» **Information supplied**:
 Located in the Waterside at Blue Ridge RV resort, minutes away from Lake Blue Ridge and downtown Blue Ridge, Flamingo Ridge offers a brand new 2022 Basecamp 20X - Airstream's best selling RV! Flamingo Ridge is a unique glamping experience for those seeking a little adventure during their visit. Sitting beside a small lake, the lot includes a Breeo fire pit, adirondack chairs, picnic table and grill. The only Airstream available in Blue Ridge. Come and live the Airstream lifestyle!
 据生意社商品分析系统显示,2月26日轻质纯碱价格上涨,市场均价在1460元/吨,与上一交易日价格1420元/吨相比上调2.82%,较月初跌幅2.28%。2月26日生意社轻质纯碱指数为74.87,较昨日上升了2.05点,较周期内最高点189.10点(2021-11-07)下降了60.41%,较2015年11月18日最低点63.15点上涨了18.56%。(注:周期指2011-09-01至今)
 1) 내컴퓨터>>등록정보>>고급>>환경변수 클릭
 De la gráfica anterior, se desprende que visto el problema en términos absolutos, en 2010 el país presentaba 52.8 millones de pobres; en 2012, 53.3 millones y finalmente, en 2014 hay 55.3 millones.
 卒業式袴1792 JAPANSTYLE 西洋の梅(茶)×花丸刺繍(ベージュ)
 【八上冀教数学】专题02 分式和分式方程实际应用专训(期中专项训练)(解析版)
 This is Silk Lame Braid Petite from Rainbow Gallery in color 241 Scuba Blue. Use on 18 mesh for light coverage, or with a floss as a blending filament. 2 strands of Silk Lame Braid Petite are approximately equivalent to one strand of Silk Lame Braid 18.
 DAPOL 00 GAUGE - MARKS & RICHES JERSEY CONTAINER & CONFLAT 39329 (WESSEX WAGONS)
* * *
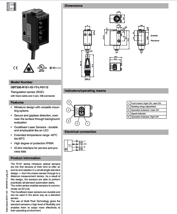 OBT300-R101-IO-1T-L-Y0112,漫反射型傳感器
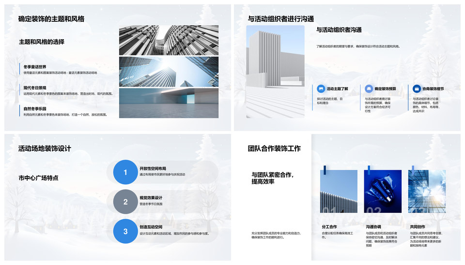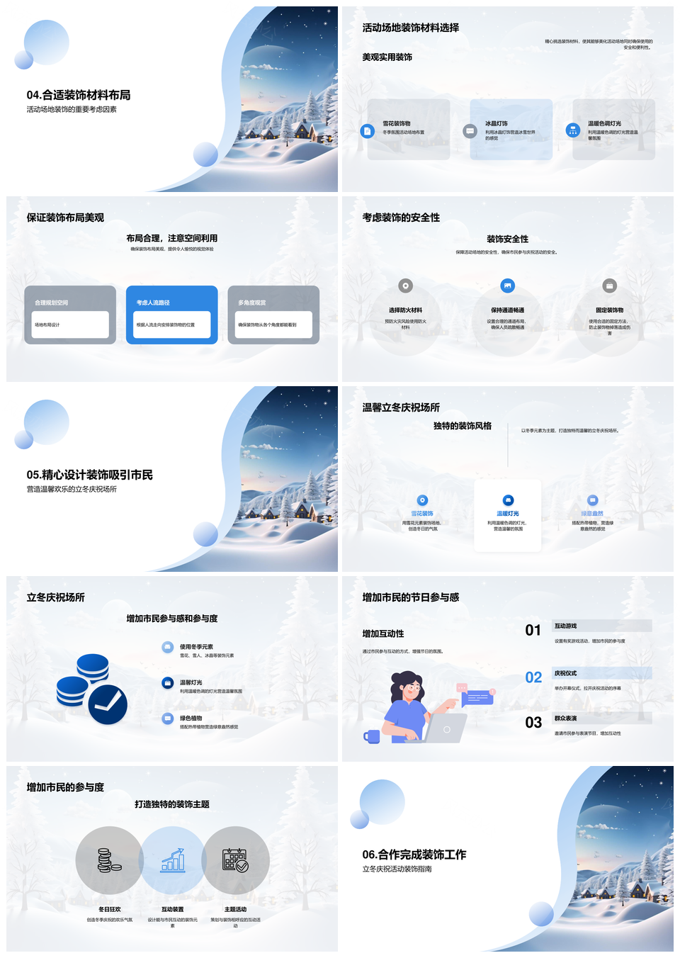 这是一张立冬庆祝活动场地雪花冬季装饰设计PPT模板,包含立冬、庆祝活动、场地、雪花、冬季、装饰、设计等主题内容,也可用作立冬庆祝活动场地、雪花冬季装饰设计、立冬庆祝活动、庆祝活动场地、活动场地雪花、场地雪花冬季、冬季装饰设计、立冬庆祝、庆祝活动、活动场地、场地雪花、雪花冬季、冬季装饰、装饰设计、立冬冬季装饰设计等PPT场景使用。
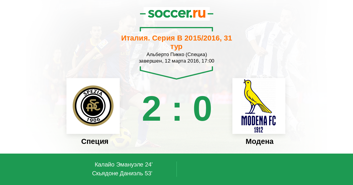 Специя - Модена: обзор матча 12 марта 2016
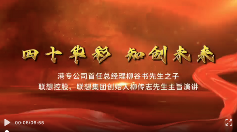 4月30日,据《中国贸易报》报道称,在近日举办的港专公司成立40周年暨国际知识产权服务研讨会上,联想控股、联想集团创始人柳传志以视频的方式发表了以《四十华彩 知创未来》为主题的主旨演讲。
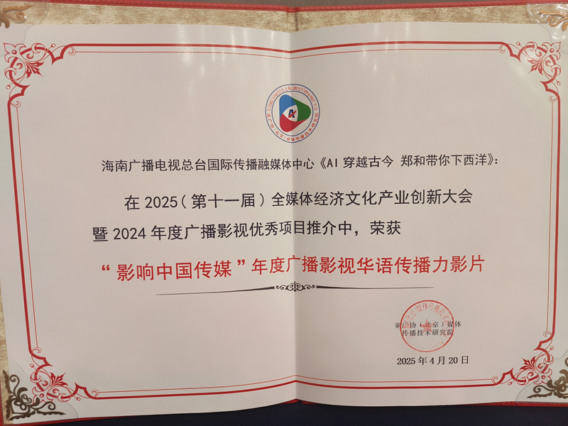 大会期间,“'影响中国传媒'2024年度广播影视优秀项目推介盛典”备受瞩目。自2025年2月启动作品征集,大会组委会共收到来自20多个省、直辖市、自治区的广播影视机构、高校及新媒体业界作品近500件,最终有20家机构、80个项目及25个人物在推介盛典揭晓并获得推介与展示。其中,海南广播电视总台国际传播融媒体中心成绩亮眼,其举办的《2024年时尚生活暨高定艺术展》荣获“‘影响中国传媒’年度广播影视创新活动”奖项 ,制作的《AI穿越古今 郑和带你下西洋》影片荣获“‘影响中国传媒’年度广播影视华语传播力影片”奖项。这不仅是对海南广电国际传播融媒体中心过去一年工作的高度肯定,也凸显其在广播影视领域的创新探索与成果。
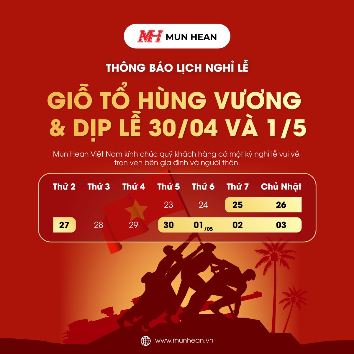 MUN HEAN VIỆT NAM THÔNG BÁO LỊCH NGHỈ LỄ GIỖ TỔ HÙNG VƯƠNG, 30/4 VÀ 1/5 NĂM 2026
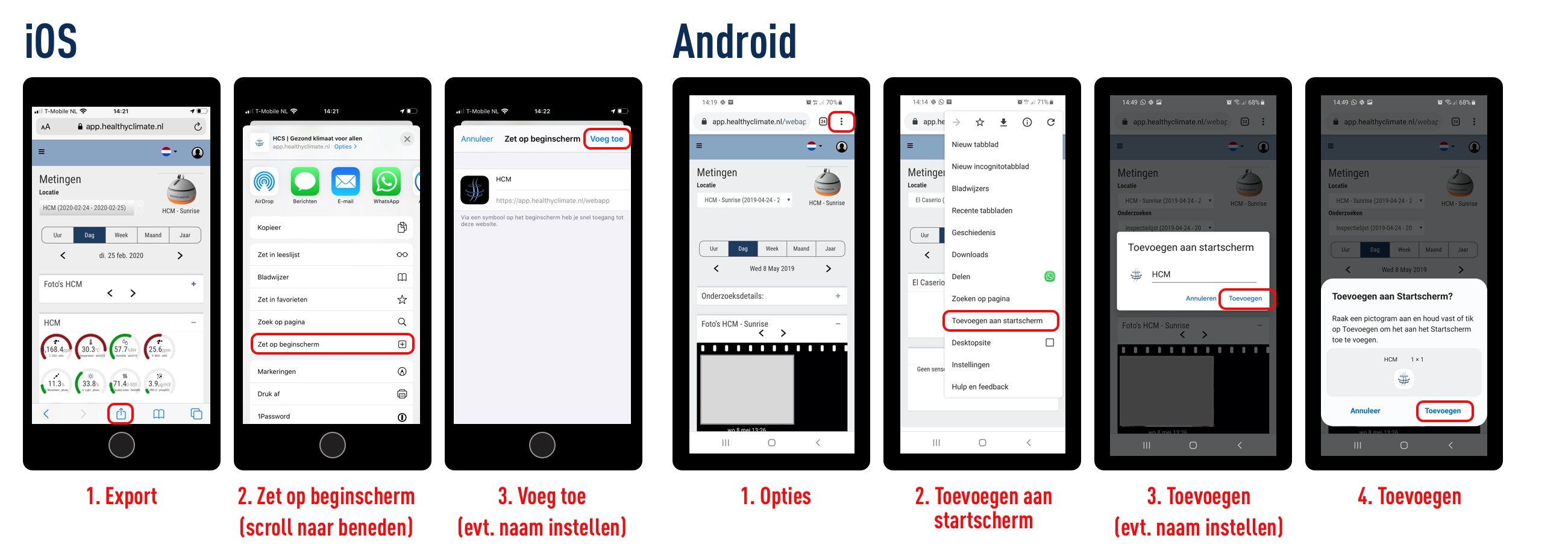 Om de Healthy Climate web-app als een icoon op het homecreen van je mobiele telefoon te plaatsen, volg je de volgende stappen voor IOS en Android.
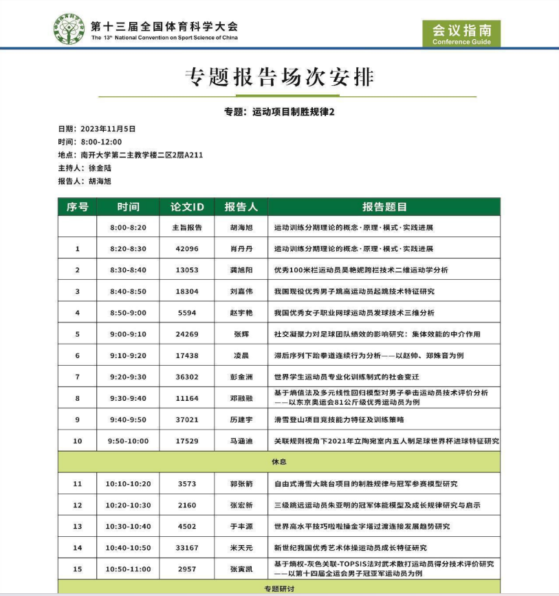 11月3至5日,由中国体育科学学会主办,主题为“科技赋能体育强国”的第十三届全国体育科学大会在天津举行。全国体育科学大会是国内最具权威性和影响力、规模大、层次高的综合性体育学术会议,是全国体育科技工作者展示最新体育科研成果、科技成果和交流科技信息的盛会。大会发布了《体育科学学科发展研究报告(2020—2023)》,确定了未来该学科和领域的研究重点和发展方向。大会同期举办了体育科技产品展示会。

» **Aim of the exercise**: Starting at the line that has "Located in the" and ending at the line that has "DAPOL 00 GAUGE", please write out the lines above exactly, leaving out all others.

» **Solution for this exercise**:
 Located in the Waterside at Blue Ridge RV resort, minutes away from Lake Blue Ridge and downtown Blue Ridge, Flamingo Ridge offers a brand new 2022 Basecamp 20X - Airstream's best selling RV! Flamingo Ridge is a unique glamping experience for those seeking a little adventure during their visit. Sitting beside a small lake, the lot includes a Breeo fire pit, adirondack chairs, picnic table and grill. The only Airstream available in Blue Ridge. Come and live the Airstream lifestyle!
 据生意社商品分析系统显示,2月26日轻质纯碱价格上涨,市场均价在1460元/吨,与上一交易日价格1420元/吨相比上调2.82%,较月初跌幅2.28%。2月26日生意社轻质纯碱指数为74.87,较昨日上升了2.05点,较周期内最高点189.10点(2021-11-07)下降了60.41%,较2015年11月18日最低点63.15点上涨了18.56%。(注:周期指2011-09-01至今)
 1) 내컴퓨터>>등록정보>>고급>>환경변수 클릭
 De la gráfica anterior, se desprende que visto el problema en términos absolutos, en 2010 el país presentaba 52.8 millones de pobres; en 2012, 53.3 millones y finalmente, en 2014 hay 55.3 millones.
 卒業式袴1792 JAPANSTYLE 西洋の梅(茶)×花丸刺繍(ベージュ)
 【八上冀教数学】专题02 分式和分式方程实际应用专训(期中专项训练)(解析版)
 This is Silk Lame Braid Petite from Rainbow Gallery in color 241 Scuba Blue. Use on 18 mesh for light coverage, or with a floss as a blending filament. 2 strands of Silk Lame Braid Petite are approximately equivalent to one strand of Silk Lame Braid 18.
 DAPOL 00 GAUGE - MARKS & RICHES JERSEY CONTAINER & CONFLAT 39329 (WESSEX WAGONS)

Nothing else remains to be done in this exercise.